The fact that Israel’s Foreign Ministry in Jerusalem and its 103 consulates around the world are on strike is an embarrassment. Prime Minister Netanyahu had to cancel a planned trip in April to Latin America because of this strike, stemming from diplomats’ protests over employment conditions, including a pay cut. And the planned state visit of Pope Francis in May is in jeopardy, as are any number of other diplomatic projects.
Adding to the problem, and underscoring the sad situation, is that most Israelis seem unconcerned. Perhaps they don’t realize the important and often selfless work accomplished by these emissaries of the Jewish state, who are underpaid and underappreciated, especially those in junior and mid-level positions.

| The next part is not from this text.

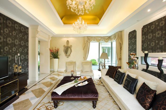 仿古工业风格,电子纹身店装修效果以其鲜艳色彩的搭配带给人视觉上的冲击感,整个房间的地面铺设着米黄色的颜色鲜艳的瓷砖拼贴地板,米黄色的墙壁天花板带给人温馨舒适的视觉体验,奠定了整个房间淡雅清新的基调。房间中间摆放着黑色的皮质靠背沙发,黑色的实木组合式橱柜环绕在房间四周与之相搭配,发出紫红色灯光的天花板吊灯又让人倍感精致典雅。

Malcolm Hoenlein, executive vice chairman of the Conference of Presidents of Major American Jewish Organizations, wrote in Haaretz this week that most members of Israel’s foreign service “are amongst the hardest working and most devoted, dedicated and committed public servants I have ever met.”
The Foreign Ministry office in Jerusalem and missions in the U.S. and elsewhere are closed to all activities, which in addition to facilitating the visits of foreign dignitaries and other leaders include dealing with economic ties, hasbara advocacy for Israel, and practical services for travelers and Israeli citizens living abroad.
One diplomat posted in New York told us he and his colleagues have endured increasing financial setbacks, adding that qualified spouses are often unable to work when abroad. He said that more than 35 percent of diplomatic recruits over the last decade have left their posts due to low financial remuneration. The Finance Ministry has allowed the talks to drag on for months.
One suggestion for freeing up funds: withhold pensions from senior Israeli politicians who, after leaving office, receive large sums of money to sit on boards of private companies or work in the private sector. They should be allowed to hold such positions, but if their income is, say, four times higher than their pension, or more than that, let them forego their pension.
Surely there are other creative ideas as well that can lead to ending this unfortunate strike, a wholly unnecessary black mark on Israel’s already tenuous image.